** Source data follows **

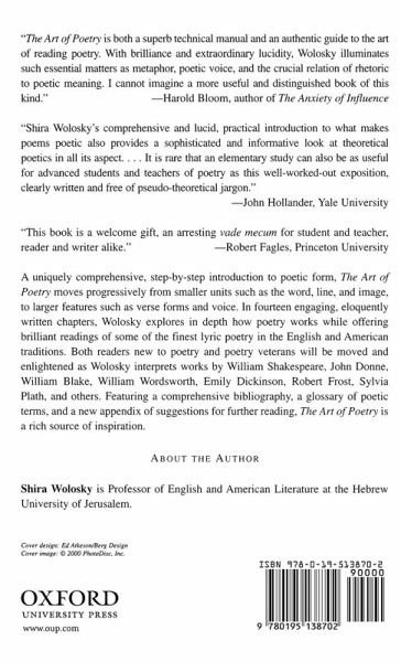 Anyone who has been asked to read and understand a poem has probably wondered: What does this really mean? Have I understood this the way I was supposed to? Did I get it? As the least literal of all of forms of creative writing, poetry is for many readers also the most cryptic. Confronted by the mysteries of poetic interpretation, some people are intrigued, some become addicted, others are left frustrated. Shira Wolosky's accessibly written book, The Art of
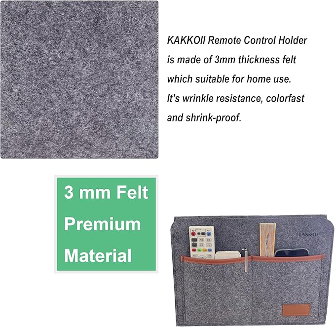 - Soft Material- KAKKOII remote control holder is made of 3mm thickness felt which suitable for home use. It's wrinkle resistance, colorfast and shrink-proof, sturdy and soft, ensuring it won't scratch or damage your belongings. It's designed with care to protect your possessions
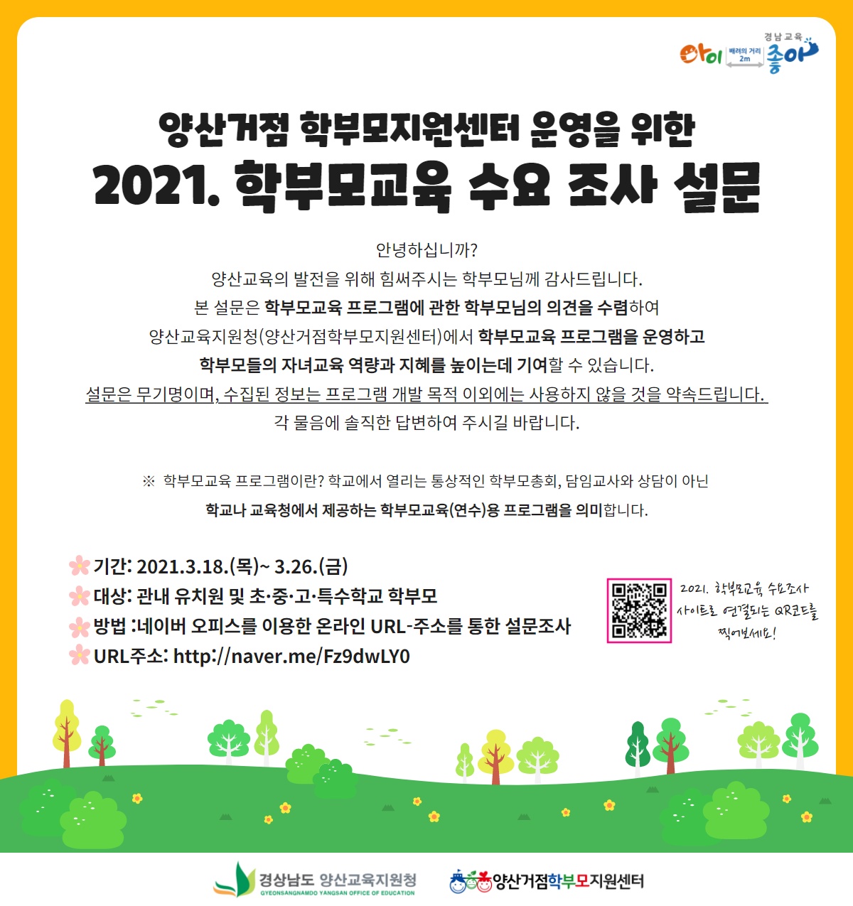 양산거점 학부모지원센터 운영을 위한 2021. 학부모교육 수요 조사 설문
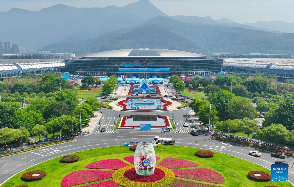 An aerial drone photo taken on April 28, 2026 shows Fuzhou Strait International Conference & Exhibition Center, Fuzhou, southeast China's Fujian Province. (Xinhua/Lin Shanchuan)
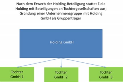 Nach dem Anteilserwerb durch Z wurde die Holding GmbH von Z mit Beteiligungen ausgestattet, weswegen eine wesentliche Erweiterung der übernommenen und weitergeführten wirtschaftlichen Einheit anzunehmen ist.

** End of Source data **

Assignment:
Retype each entry exactly. No pictures.

Response for this exercise:
 Anyone who has been asked to read and understand a poem has probably wondered: What does this really mean? Have I understood this the way I was supposed to? Did I get it? As the least literal of all of forms of creative writing, poetry is for many readers also the most cryptic. Confronted by the mysteries of poetic interpretation, some people are intrigued, some become addicted, others are left frustrated. Shira Wolosky's accessibly written book, The Art of
 - Soft Material- KAKKOII remote control holder is made of 3mm thickness felt which suitable for home use. It's wrinkle resistance, colorfast and shrink-proof, sturdy and soft, ensuring it won't scratch or damage your belongings. It's designed with care to protect your possessions
 양산거점 학부모지원센터 운영을 위한 2021. 학부모교육 수요 조사 설문
 An aerial drone photo taken on April 28, 2026 shows Fuzhou Strait International Conference & Exhibition Center, Fuzhou, southeast China's Fujian Province. (Xinhua/Lin Shanchuan)
 Nach dem Anteilserwerb durch Z wurde die Holding GmbH von Z mit Beteiligungen ausgestattet, weswegen eine wesentliche Erweiterung der übernommenen und weitergeführten wirtschaftlichen Einheit anzunehmen ist.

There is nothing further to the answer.